Palpimanus crudeni

Scientific classification
- Kingdom: Animalia
- Phylum: Arthropoda
- Subphylum: Chelicerata
- Class: Arachnida
- Order: Araneae
- Infraorder: Araneomorphae
- Family: Palpimanidae
- Genus: Palpimanus
- Species: P. crudeni
- Binomial name: Palpimanus crudeni Lessert, 1936

= Palpimanus crudeni =

- Authority: Lessert, 1936

Species of spider

Palpimanus crudeni is a species of spider in the family Palpimanidae.

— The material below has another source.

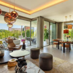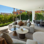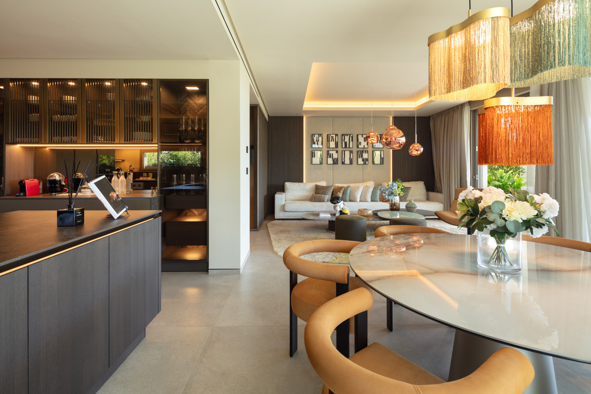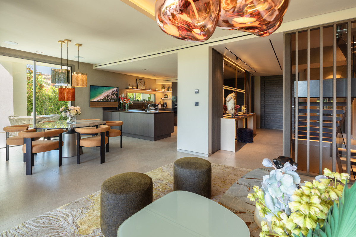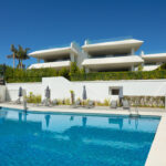 This residence stands as a striking, newly-constructed modern semi-detached villa, part of an exclusive project featuring 11 prestigious residences. Situated within a gated community in Nueva Andalucia, it presents a distinctive and captivating approach to modern architecture, characterized by clean lines and a commanding geometric facade. The exterior, adorned with neutral-toned natural materials, exudes an added touch of elegance.

It occurs in Mozambique and South Africa .

==Distribution==
Palpimanus crudeni is known from Mozambique and South Africa. In South Africa, it is recorded from the Eastern Cape and Western Cape provinces.

==Habitat and ecology==
The species is a free-running ground dweller sampled from the Fynbos, Indian Ocean Coastal Belt and Nama Karoo biomes at altitudes ranging from 52 to 588 m above sea level.

==Conservation==
Palpimanus crudeni is listed as Data Deficient for taxonomic reasons. The placement of the species is problematic as the female is still unknown. Threats to the species are unknown. It is protected in the Swartberg Nature Reserve and Addo Elephant National Park.

==Taxonomy==
The species was originally described by Roger de Lessert in 1936 from Mozambique. It is known only from the male.